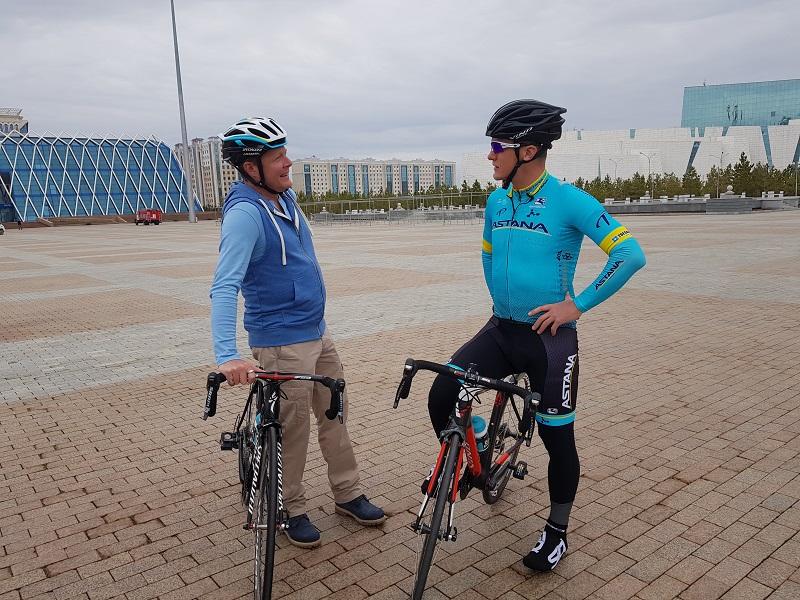 Вчера состоялась съёмка первого эпизода в торгово-развлекательном центре "Хан Шатыр". Сегодня ведущий программы проехался на велосипеде вместе с казахстанским олимпийским чемпионом Александром Винокуровым.
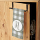 Classic gingham pattern with an initial monogram within a circle. Modern colours for your farmhouse kitchen.
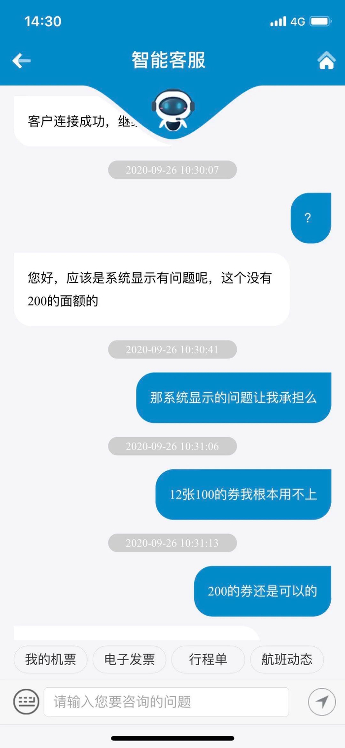 虽然总价相同,但小益觉得机票券面值改变了,对自己有较大的影响。“200元的券用6次更适合自己,而100元的用处不大。”因此,小益立马联系南航客服反馈问题,还把 200元6张的宣传页面截图发给了客服。客服回复称,没有200面额的机票券,应该是系统显示错误,并表示会记录反馈。但小益接受《消费者报道》采访时表示,还未等到处理结果。
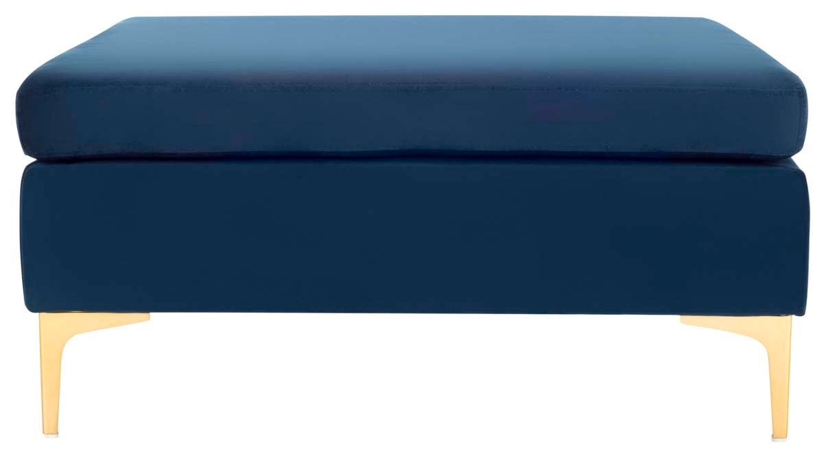 Give any living room a bold pop of color with this Giovanna Ottoman. Soft and luxurious, Giovanna's plush navy velvet upholstery maintains clean minimalist lines for sleek style. Designers love the radiant brass finish on its svelte metal legs.
+-------+
◆ Problem
The preceding listing must be repeated exactly, with all images dropped.

◆ Answer for this exercise
 Вчера состоялась съёмка первого эпизода в торгово-развлекательном центре "Хан Шатыр". Сегодня ведущий программы проехался на велосипеде вместе с казахстанским олимпийским чемпионом Александром Винокуровым.
 Classic gingham pattern with an initial monogram within a circle. Modern colours for your farmhouse kitchen.
 虽然总价相同,但小益觉得机票券面值改变了,对自己有较大的影响。“200元的券用6次更适合自己,而100元的用处不大。”因此,小益立马联系南航客服反馈问题,还把 200元6张的宣传页面截图发给了客服。客服回复称,没有200面额的机票券,应该是系统显示错误,并表示会记录反馈。但小益接受《消费者报道》采访时表示,还未等到处理结果。
 Give any living room a bold pop of color with this Giovanna Ottoman. Soft and luxurious, Giovanna's plush navy velvet upholstery maintains clean minimalist lines for sleek style. Designers love the radiant brass finish on its svelte metal legs.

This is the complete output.